Originally Posted by
gbrice75
There's no rule that says you're only "supposed" to eat carbs at the times you stated. Alot of people do this because:
a) insulin sensitivity is heightened after a fast (sleeping all night), so 1st meal of the day is a good time to consume carbs
b) pre-workout - many people are able to lift with greater intensity when they fuel their workout
c) post-workout - nutrient uptake after an intense workout is heightened, and carbs will cause your body to release more insulin, which in turn shuttles nutrients into your cells, creating an anabolic environment.
This doesn't mean carbs are bad any other time.
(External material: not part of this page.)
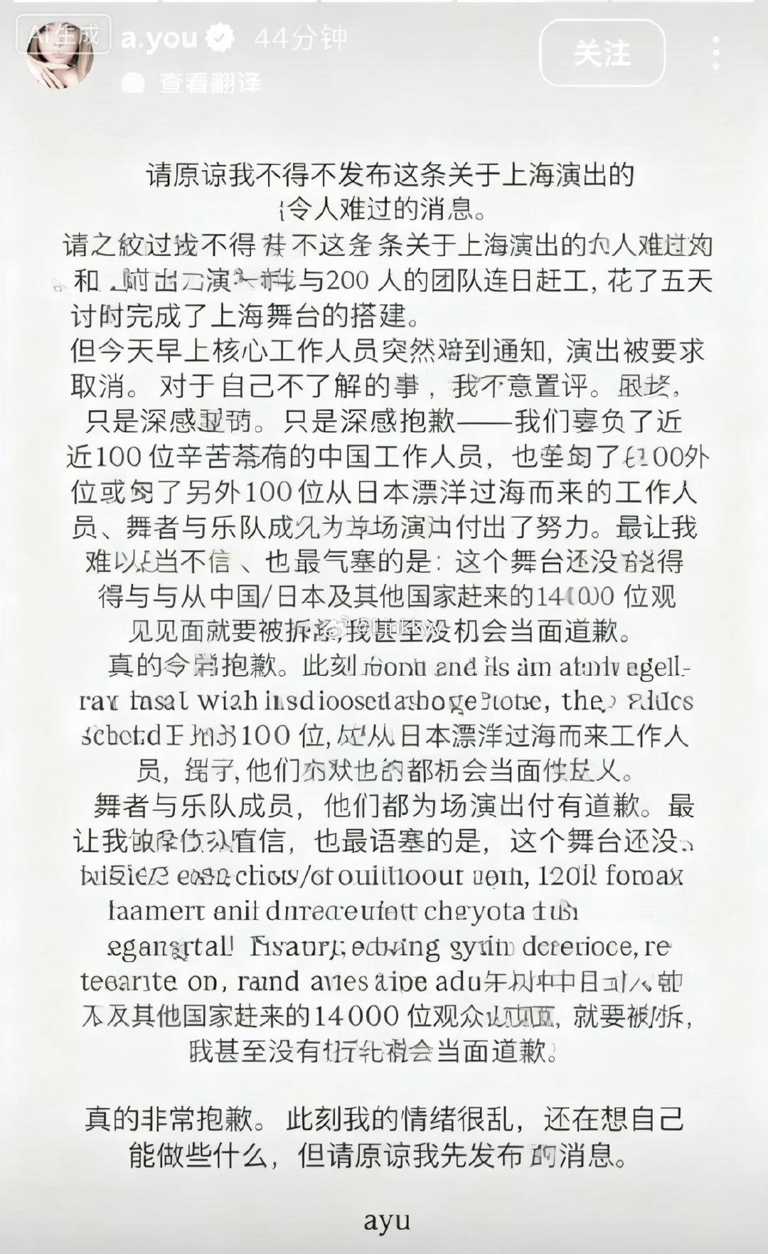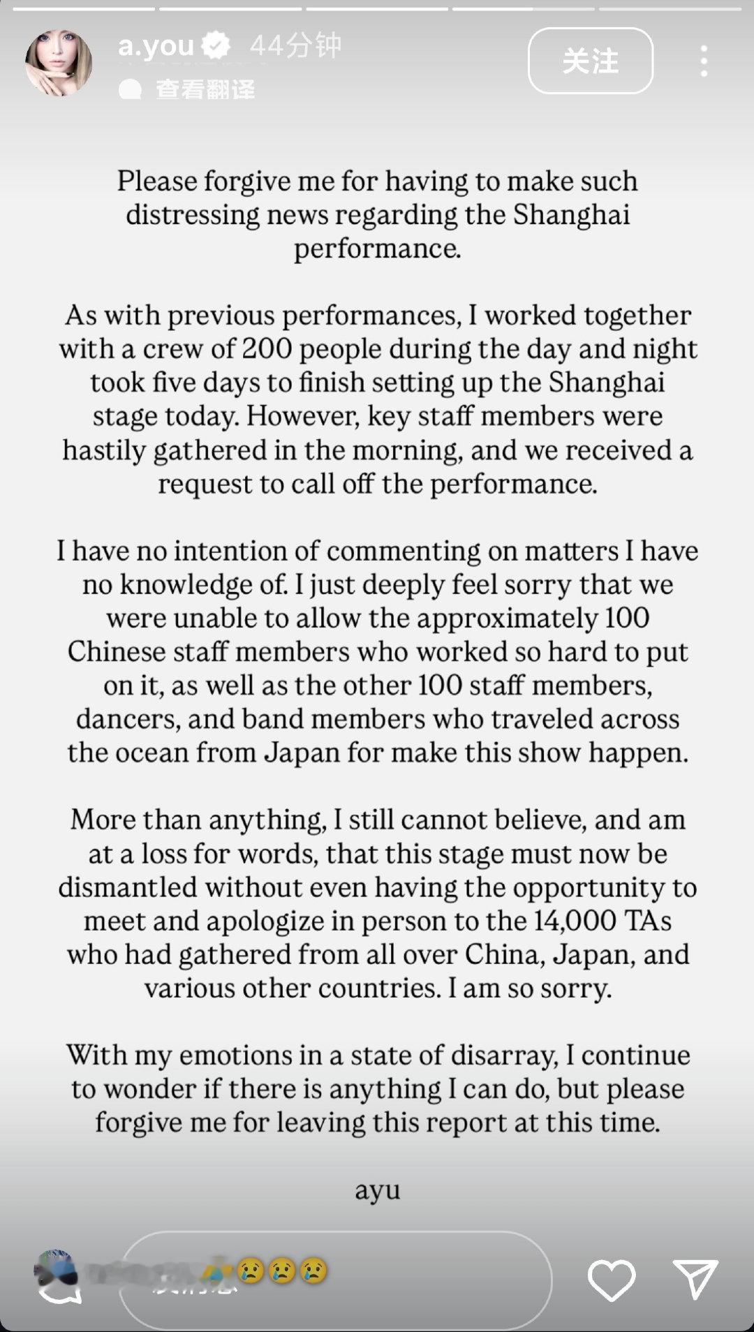 滨崎步发文道歉滨崎步发长文道歉滨崎步为上海演出取消长文道歉

It all depends on your goals, and how your body reacts to carbs. I know that when I go about 200g/day or so, I get bloated and gassy. I don't generally do well on a high carb diet, so I do keep them focused around my workout window.
Broccoli/greens are great to eat with your proteins during meals without starchy carbs (AND with). Greens are not a substantial source of calories as you mentioned, but that's not the point of eating them. What they DO provide is tons of fiber (filling and regulates your bowels) and all kinds of vitamins, anti-oxidants and nutrients.
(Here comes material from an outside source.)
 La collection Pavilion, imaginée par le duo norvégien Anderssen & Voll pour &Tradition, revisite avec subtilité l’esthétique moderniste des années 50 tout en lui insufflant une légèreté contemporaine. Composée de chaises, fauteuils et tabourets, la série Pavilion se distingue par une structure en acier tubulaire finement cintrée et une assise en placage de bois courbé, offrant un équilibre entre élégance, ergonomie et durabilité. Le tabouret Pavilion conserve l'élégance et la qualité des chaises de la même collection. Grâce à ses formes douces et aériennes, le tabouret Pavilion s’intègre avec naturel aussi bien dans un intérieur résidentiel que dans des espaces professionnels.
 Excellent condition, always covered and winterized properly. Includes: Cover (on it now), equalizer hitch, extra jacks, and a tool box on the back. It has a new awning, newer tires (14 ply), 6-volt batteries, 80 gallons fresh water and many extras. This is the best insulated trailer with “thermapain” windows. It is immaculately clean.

So what haven't we talked about yet? Fats! That's your other macronutrient that shouldn't be forgotten or ignored. An example of a great meal without starchy carbs would be something like:
6oz chicken breast
2 cups broccoli
1tbsp extra virgin olive oil (drizzled over the broccoli)
or
6oz salmon (protein with healthy fats already present)
2 cups spinach
or
6oz turkey breast
2 cups asparagus
1oz slivered almonds
I basically have either a starchy carb or healthy fat in every meal.
Hope this helps.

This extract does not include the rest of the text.